Unlikely to happen, but if it happens it's not debuggable at all.
So instead of playing games with the PIR, this can be actually solved
for both cases by:
1) Keeping track of the posted interrupt vector handler state
2) Implementing a posted MSI specific irq_ack() callback which checks that
state. If the posted vector handler is inactive it issues an EOI,
otherwise it delegates that to the posted handler.
This is correct versus affinity changes and concurrent events on the posted
vector as the actual handler invocation is serialized through the interrupt
descriptor lock.
Fixes: ed1e48ea4370 ("iommu/vt-d: Enable posted mode for device MSIs")
Reported-by: Luigi Rizzo <lrizzo@google.com>
Signed-off-by: Thomas Gleixner <tglx@linutronix.de>
Tested-by: Luigi Rizzo <lrizzo@google.com>
Cc: stable@vger.kernel.org
Closes: https://lore.kernel.org/lkml/20251124104836.3685533-1-lrizzo@google.com
---
arch/x86/include/asm/irq_remapping.h | 7 +++++++
arch/x86/kernel/irq.c | 23 +++++++++++++++++++++++
drivers/iommu/intel/irq_remapping.c | 8 ++++----
3 files changed, 34 insertions(+), 4 deletions(-)

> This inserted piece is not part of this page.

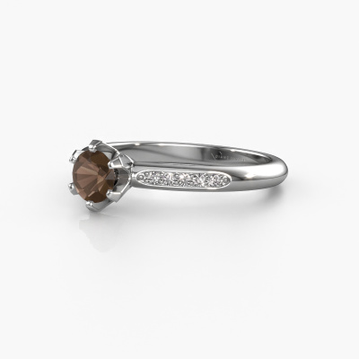 Nous avons donné le nom Tiffy 2 à la bague de fiançailles mentionnée ci-dessous. Ce type de bague de fiançailles est appelé une bague de fiançailles solitaire pavé car elle ne comporte qu’une seule pierre centrale et les tiges de la bague de fiançailles ont également une finition pleine. Cette bague de fiançailles est forgée en or et comporte un quartz fumé ronds de 4.7 mm. Des diamants sont sertis dans les épaules latérales de l’anneau. Chaque bijou est faite pour briller sur votre doigt, chaque bijou est fabriqué à la main par nos orfèvres.. Cette bague de fiançailles solitaire pavé forgée en platine traditionnelles a un beau quartz fumé ronds en guise de pierre centrale, avec plus de diamants dans l’anneau pour accentuer encore plus l’effet de la pierre centrale. Le sertissage à griffes autour du quartz fumé étant ouvert, le quartz fumé capte la lumière de tous les côtés et brille de manière optimale. Ci-dessus, vous pouvez voir comment notre orfèvre a travaillé la bague de fiançailles dans les moindres détails. de telle sorte que le quartz fumé élevé puisse véritablement attirer tous les regards. Quelle belle bague de fiançailles à offre lors de votre demande en mariage à l'amour de votre vie, à votre centre rayonnant ! Qu'y a-t-il dorénavant de plus beau qu'une bague de fiançailles traditionnelles conçue par vous-même et fabriquée à la main par nous. Vous pouvez personnaliser chaque modèle avec les différents métaux précieux et pierres précieuses. De cette façon, vous pourrez créer une bague de fiançailles unique. Cette bague peut être mise en place de plusieurs façons. Bien sûr, vous pouvez toujours nous contacter et nous serons heureux de vous aider à composer votre bague de fiançailles traditionnelles Tiffy 2. Vous aimez le design, mais vous souhaitez tout de même quelque chose qui vous convienne plus, ou bien vous souhaitez une pierre précieuse dans les bijoux que vous ne pouvez pas choisir sur notre site, contactez-nous et nous vous aiderons.Notre équipe de designers talentueux et passionnés ajoute chaque jour de nouveaux modèles bague de fiançailles à notre collection en ligne. Notre objectif est de pouvoir vous offrir une grande variété de bijoux. N'hésitez pas à demander un devis si vous avez des souhaits spécifiques pour votre bague de fiançailles. Nous garantissons de vous faire une offre que vous ne pourrez pas refuser.Pour vous faciliter la tâche, vous pouvez facilement nous retourner tout bijou commandé dans les 30 jours suivant la livraison.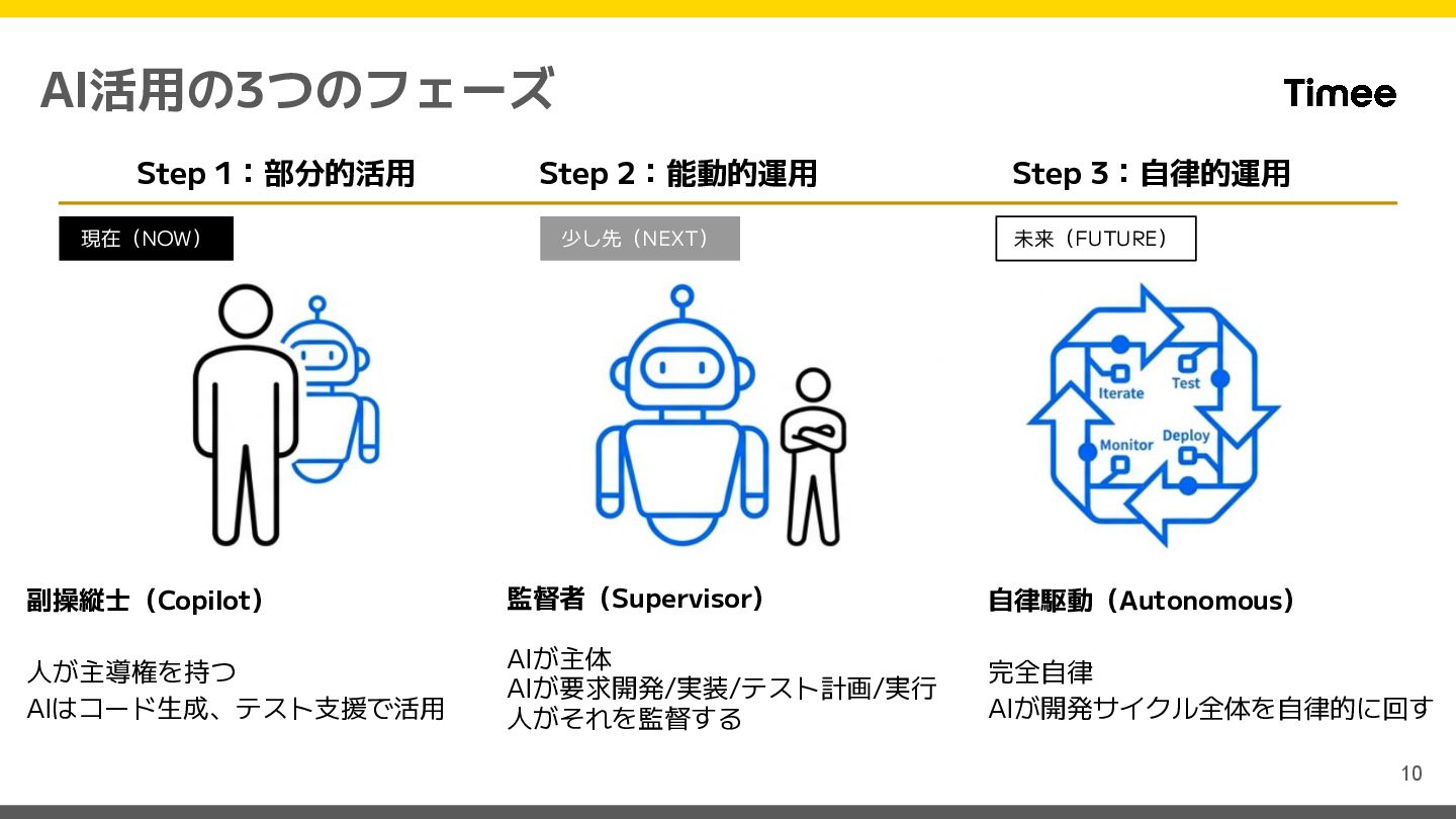 3:自律的運用 副操縦士(Copilot) 人が主導権を持つ AIはコード生成、テスト支援で活用 監督者(Supervisor) AIが主体 AIが要求開発/実装/テスト計画/実行 人がそれを監督する 自律駆動(Autonomous) 完全自律 AIが開発サイクル全体を自律的に回す

--- a/arch/x86/include/asm/irq_remapping.h
+++ b/arch/x86/include/asm/irq_remapping.h
@@ -87,4 +87,11 @@ static inline void panic_if_irq_remap(co
}
#endif /* CONFIG_IRQ_REMAP */
+
+#ifdef CONFIG_X86_POSTED_MSI
+void intel_ack_posted_msi_irq(struct irq_data *irqd);
+#else
+#define intel_ack_posted_msi_irq NULL
+#endif
+
#endif /* __X86_IRQ_REMAPPING_H */
--- a/arch/x86/kernel/irq.c
+++ b/arch/x86/kernel/irq.c
@@ -397,6 +397,7 @@ DEFINE_IDTENTRY_SYSVEC_SIMPLE(sysvec_kvm
/* Posted Interrupt Descriptors for coalesced MSIs to be posted */
DEFINE_PER_CPU_ALIGNED(struct pi_desc, posted_msi_pi_desc);
+static DEFINE_PER_CPU_CACHE_HOT(bool, posted_msi_handler_active);
void intel_posted_msi_init(void)
{
@@ -414,6 +415,25 @@ void intel_posted_msi_init(void)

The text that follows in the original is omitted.